Suburra (film)[modifica]

  • Ciao Seba', ciao. (Padre di Sebastiano)
Sebastiano e il padre si salutano così dopo un incontro molto teso in un bar sul Lungotevere. Pochi attimi dopo, mentre Sebastiano sta utilizzando il cellulare, sullo sfondo si vede il padre suicidarsi buttandosi da ponte Vittorio. Sebastiano si accorge dell'accaduto per via delle urla dei passanti e prova a scendere lungo le sponde del Tevere, ma ormai è troppo tardi per il padre.
  • Mo levate dar cazzo che nun me piace che me stai davanti. (Alberto "Spadino" Anacleti)
Aureliano fa visita a Spadino per redarguirlo in merito al ricatto ai danni dell'onorevole Malgradi. Spadino non sembra curarsi delle parole dell'amico e gli risponde colpo su colpo fino ad allontanarsi all'interlocutore, dopo aver pronunciato queste parole. Aureliano tuttavia lo aggredisce alle spalle e lo pugnala alla gola uccidendolo.
  • Te stai a pija er sole? (Aureliano "Numero 8" Adami)
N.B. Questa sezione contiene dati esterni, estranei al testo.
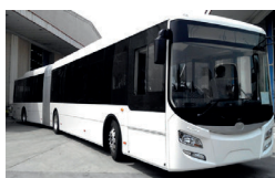
For all types of electric buses
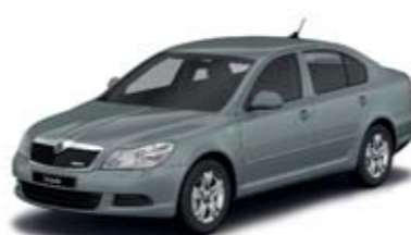
12. Platin Grey metallic
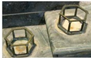
Steps in the chapel that clearly show the imprint of the fallen Host and the stain of Blood left by the same
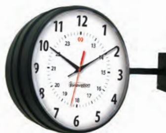
13" (33.02cm) Double Sided Wall Mount Part # 210021 - Battery
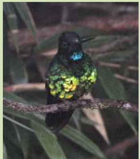
Not such a good picture as it was raining but we had fantastic views of two rare Dusky Starfrontlets . Our 3 rd year finding this species at this locality
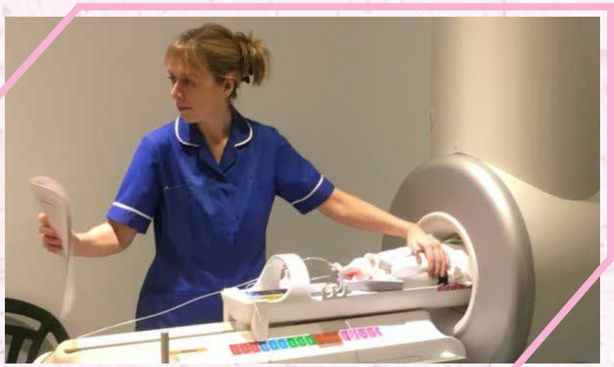
This is one of only two purpose-built neonatal MRI machines in the world

"MRI is able to show all of the brain and the surrounding anatomy, making the images easier to explain to parents. "From a diagnostic point, the big advantage is that MRI is able to show a wider range of brain abnormalities, in particular those which result from a lack of oxygen or blood supply."
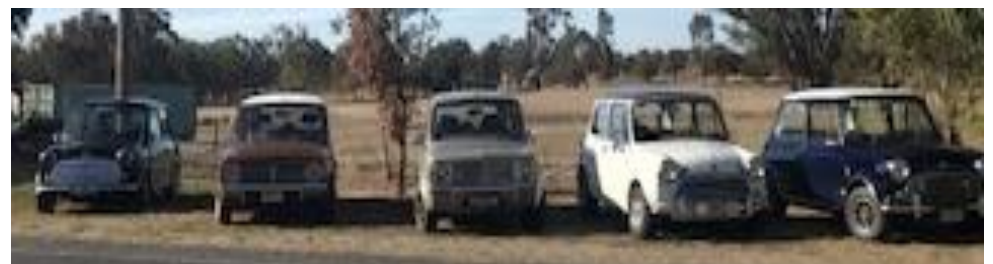
Mini Minors pictured outside the Burrumbuttock Hotel during the event

The school students will also be involved in an oral history project which will involve interviewing local identities and asking them about their Burrumbuttock memories and experiences.

Aureliano rivolge queste parole ad un suo uomo che giaceva su una sdraio. Numero 8 si accorge che in realtà l'uomo è morto e pochi attimi dopo viene sorpreso da Samurai che lo fredda con dei colpi di pistola, senza lasciargli scampo.
  • Sì, a te. (Samurai)
Viola sorprende Samurai all'uscita di casa e gli punta contro una pistola, intenzionato a vendicare l'omicidio del suo ragazzo, Aureliano Adami. Samurai all'inizio non si cura della ragazza e scende le scale giungendo all'esterno del palazzo, sotto la pioggia incessante. Viola continua a seguirlo puntandogli la pistola contro. Tra i due c'è un dialogo durante il quale Samurai prova a persuadere la ragazza a non ucciderlo, avanzando anche una "proposta", che non avrà tuttavia modo di enunciare. Il dialogo si conclude con queste parole di Samurai e con la risposta di Viola («La prossima vorta!»). Poco dopo la ragazza spara al malvivente uccidendolo. Il corpo senza vita di Samurai giace sotto la pioggia e su queste immagini il film si conclude.